We found support for our hypothesis that birds housed in high-complexity pens show higher kidney rTL scores across all three trials. This implies that the birds housed in complex environments tended to show less telomeric damage than birds in environments with little complexity. This suggests that birds in complex environments had a somewhat more positive cumulative experience than birds in simple environments. These higher rTL scores in high-complexity birds are consistent with previous work in humans where individuals with a more positive psychological or physical well-being show longer telomeres [12,13,45]. People that were not suffering from anxiety disorders or depression had longer leukocyte telomeres than people with these disorders [12,13]. Healthy women showed slower TL decline when exposed to stressors compared to less healthy women [45]. Thoroughly reviewed by Zhang et al. [46], some TL data in livestock show similar trends, although some did not find TL associations with negative stressors or abnormal behaviors, such as a lack of association with abnormal oral behavior [84] or racing performance [85] in horses. Yet, healthy dairy cattle had longer telomeres than less healthy individuals, indicated by cull rates being lower in cows with long telomeres compared to cows with short telomeres [86]. Brahman cow parity was negatively associated with leukocyte TL [87]. The authors hypothesized that the differences in TL may originate from psychological and physiological stress of raising a calf [87]. In broilers, the provision of environmental enrichments to create a complex environment is considered to contribute to positive experience [6,58,59,61], and our results suggest that complex environments may promote physiological resilience in these birds. In line with our findings, control-group broiler chickens showed longer buffy coat TL compared to chickens that were fed a diet with corticosterone to induce chronic stress [49]. We consider two potential mechanisms for the higher rTL scores in high-complexity birds compared to low-complexity birds.
Firstly, positive experience in response to a complex environment may have reduced the number of distressing events experienced and provided opportunities for positive experiences. This decreased oxidative stress and telomeric DNA damage, reducing or mitigating telomere shortening due to distressing events. Chronic or acute stress was not assessed in this study; thus, the reduced distress in the high-complexity treatment cannot be confirmed. Yet, environmental complexity can decrease distress in birds [57,62,88–90], and chronic stress did reduce TL in broilers [49]. Aligned, broilers housed in high-complexity pens were less fearful following three acute stressors (sound stress, heath stress, and crating stress) compared to broilers housed in low-complexity environments [62]. Laying hens housed in high-complexity pens had a reduced startle reflex and comb temperature in response to acute stressors (light flash, restraint, and sudden appearance of a novel object) compared to low-complexity pens, indicating that those birds were more resistant to distress compared to birds from low-complexity environments [88]. Based on these previous findings, we infer that the small but positive impacts of high complexity on kidney telomere length are at least in part due to a reduction and mitigation of distressing situations.
Secondly, positive experience in response to a complex environment may have increased telomerase production in kidneys, repairing and lengthening telomeres.

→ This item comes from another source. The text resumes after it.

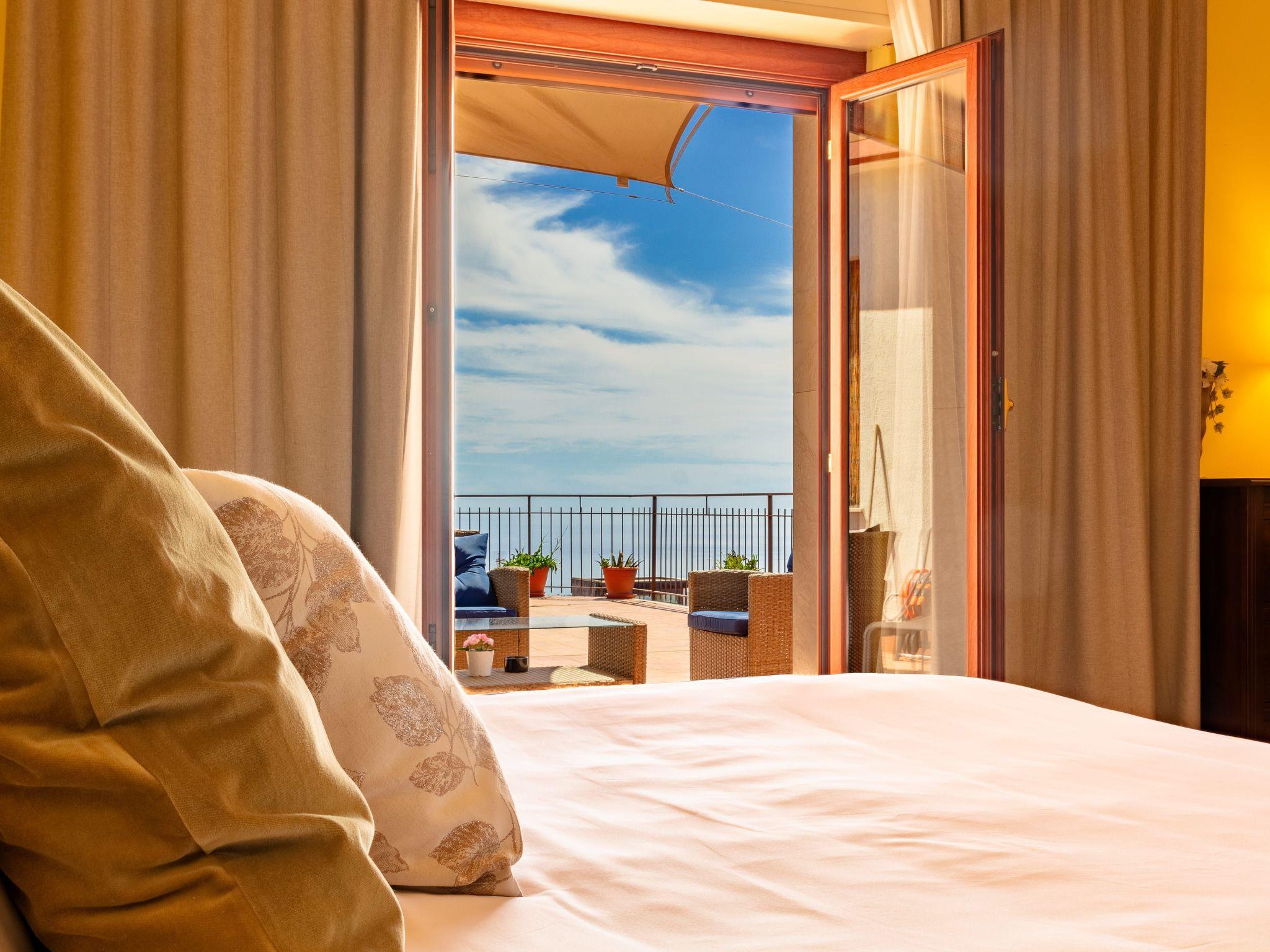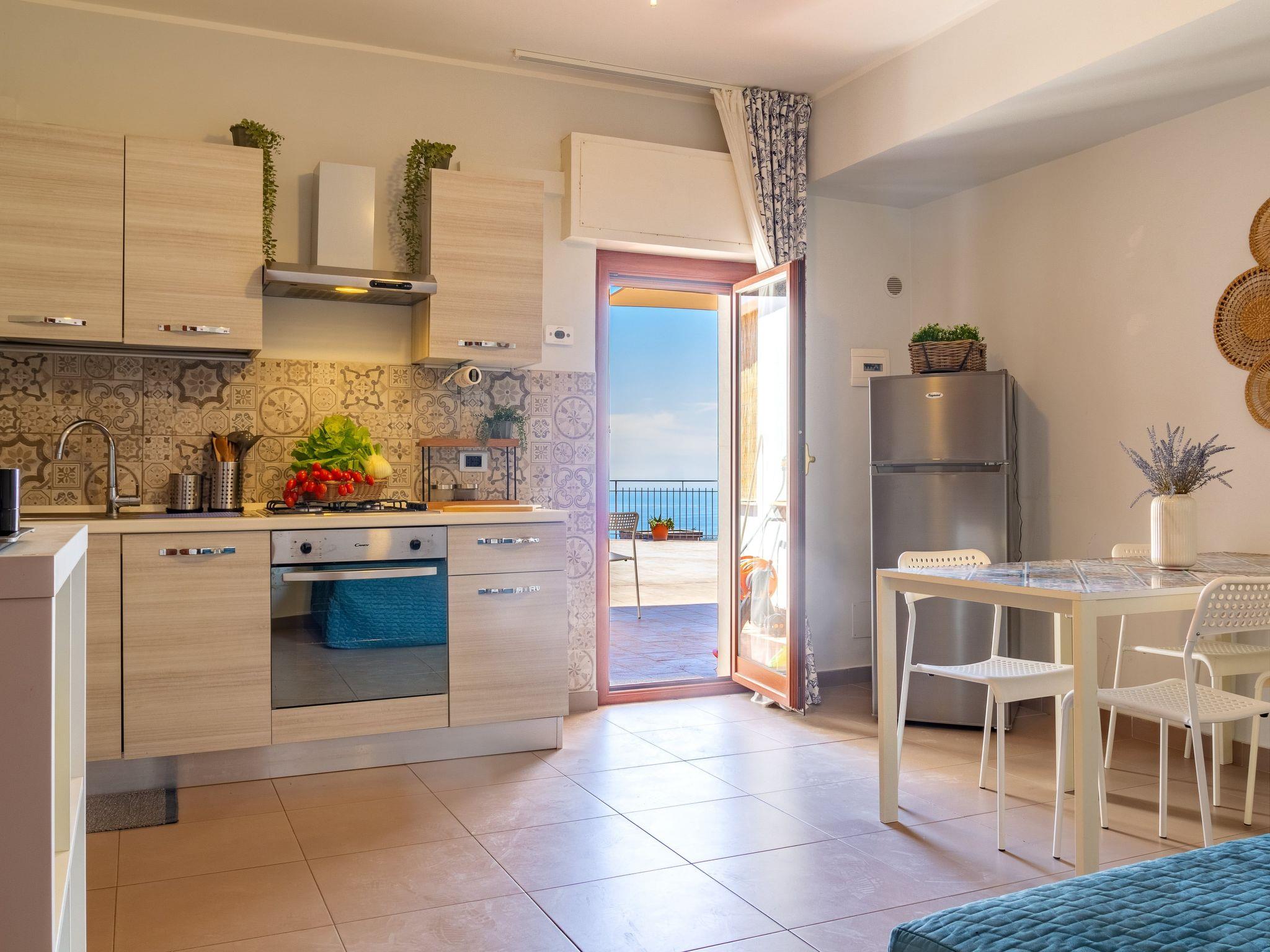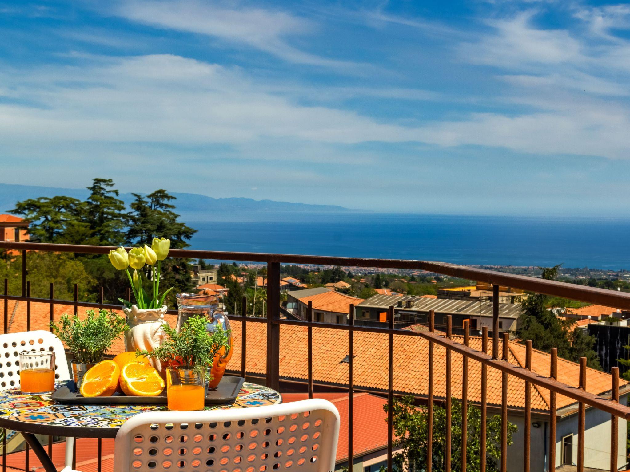 The exterior of the apartment boasts a spectacular roof terrace for exclusive use, where guests can relax and absorb the beauty of the surrounding landscape. This outdoor area, complemented by an additional terrace and balcony, provides the perfect backdrop for al fresco dining or simply enjoying moments of relaxation while admiring the panorama that embraces the sea and mountains. The view from the flat provides unique thrills, especially the view of the summit of Mount Etna from the side balcony.

As telomerase production was not quantified in the current study, and no studies have investigated telomerase production in commercial poultry in response to housing conditions, this mechanism is not yet confirmed. These two mechanisms are not mutually exclusive but rather could have interacted to result in longer kidney telomeres in high-complexity birds compared to low-complexity birds. Future research should investigate how environmental complexity impacts telomerase production and distress responses in relation to telomere length to better determine how positive experience impacts kidney telomere length in broiler chickens.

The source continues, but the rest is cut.